Andrews held that the State may never be made a defendant in any of her own courts. Accordingly, despite the majority’s attempt to narrow Andrews, . . .  State conduct is at issue, and Andrews bars suit.

 

Here, like Hurd, the majority attempts to limit Andrews.  Yet, until Andrews is overruled, suit against the State is barred and the majority cannot pick and choose when an exception or exemption may apply.

Based on my discussion above, I concur in part and dissent in part.

            Leslie Rutledge, Att’y Gen., by: Jennifer L. Merritt, Sr. Ass’t Att’y Gen., for appellants/cross-appellees.

            Ark Ag Law, PLLC, by: J. Grant Ballard; and Davidson Law Firm, by: David L. Gershner, for appellees/cross-appellants.
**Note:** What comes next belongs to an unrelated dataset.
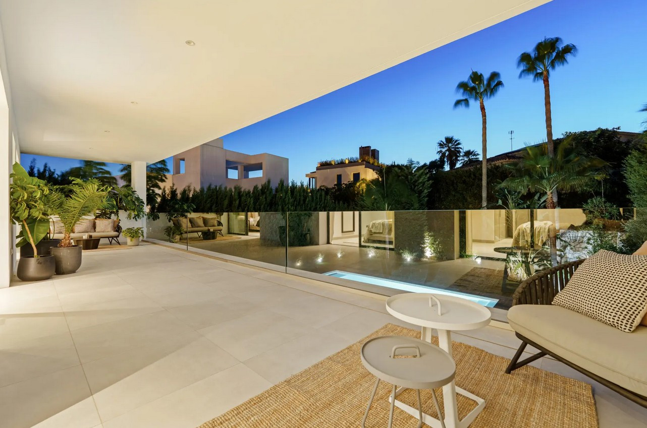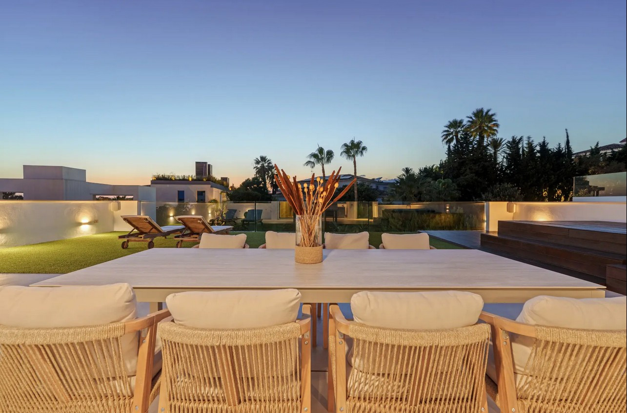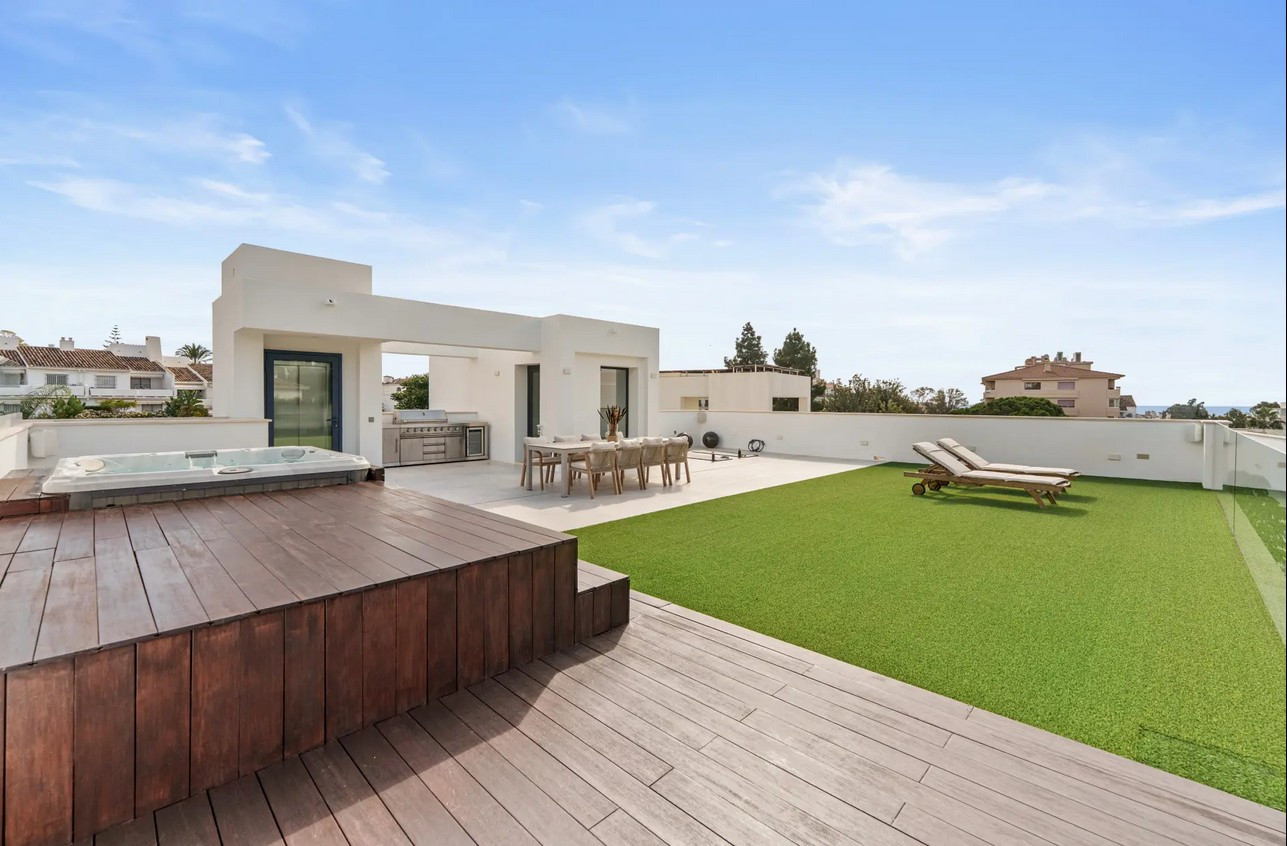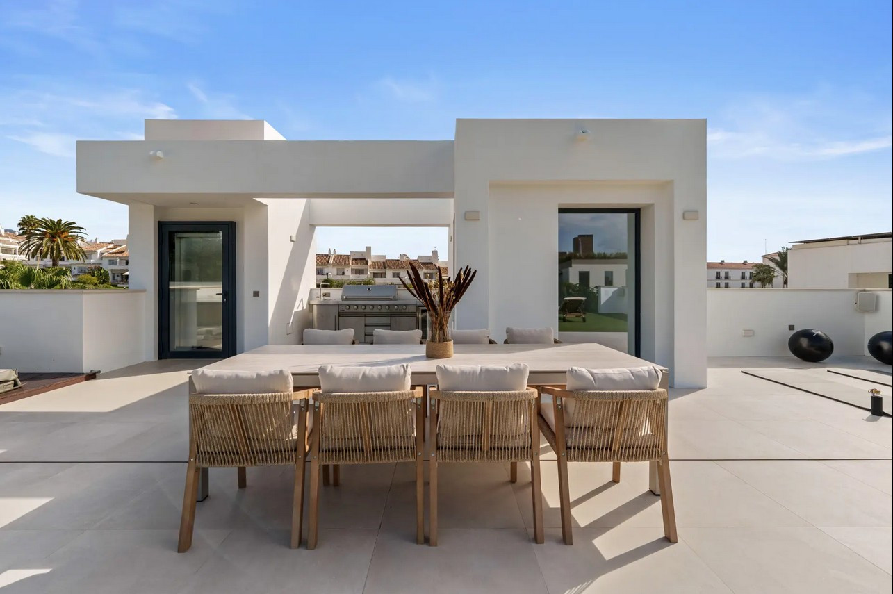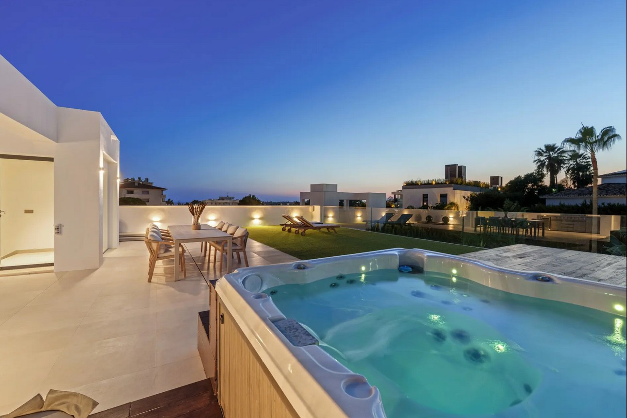 Villa, Nueva Andalucia – Located in the sought-after area of Nueva Andalucía, just minutes from Puerto Banús, is a beautifully presented contemporary villa combining style, comfort, and functionality. The home features open-plan living areas with large sliding doors that seamlessly connect the interior with the outdoor spaces. Natural light fills the spacious lounge and dining areas, while the modern kitchen is equipped with sleek cabinetry and a generous island for casual dining. The property offers multiple stunning terraces and a private garden with a pool, creating the perfect setting for relaxation and entertaining. The rooftop solarium adds an exceptional touch, complete with a jacuzzi, outdoor dining area, and built-in barbecue, all framed by panoramic views of the surrounding neighbourhood. Each bedroom is designed with sophistication and warmth, featuring fitted wardrobes and elegant ensuite bathrooms. Additional highlights include a private cinema and entertainment room, a fully equipped home gym, and a secure private garage.Is an ideal modern residence in one of Marbella’s most desirable locations, offering refined living close to beaches, golf, and all amenities.

            Dover Dixon Horne PLLC, by: Monte D. Estes and Michael G. Smith, for amicus curiae, Ozark Mountain Poultry, Inc., and 147 Arkansas Farmers.  



[1]The parties at times refer to both April 15 and April 16 as the cutoff date.  There is no dispute that in-crop application of dicamba-based herbicides were prohibited after April 15 under the 2018 rule.

[2]On April 13, 2018, we granted the Board’s motion for a stay of the circuit court’s order pending the appeal.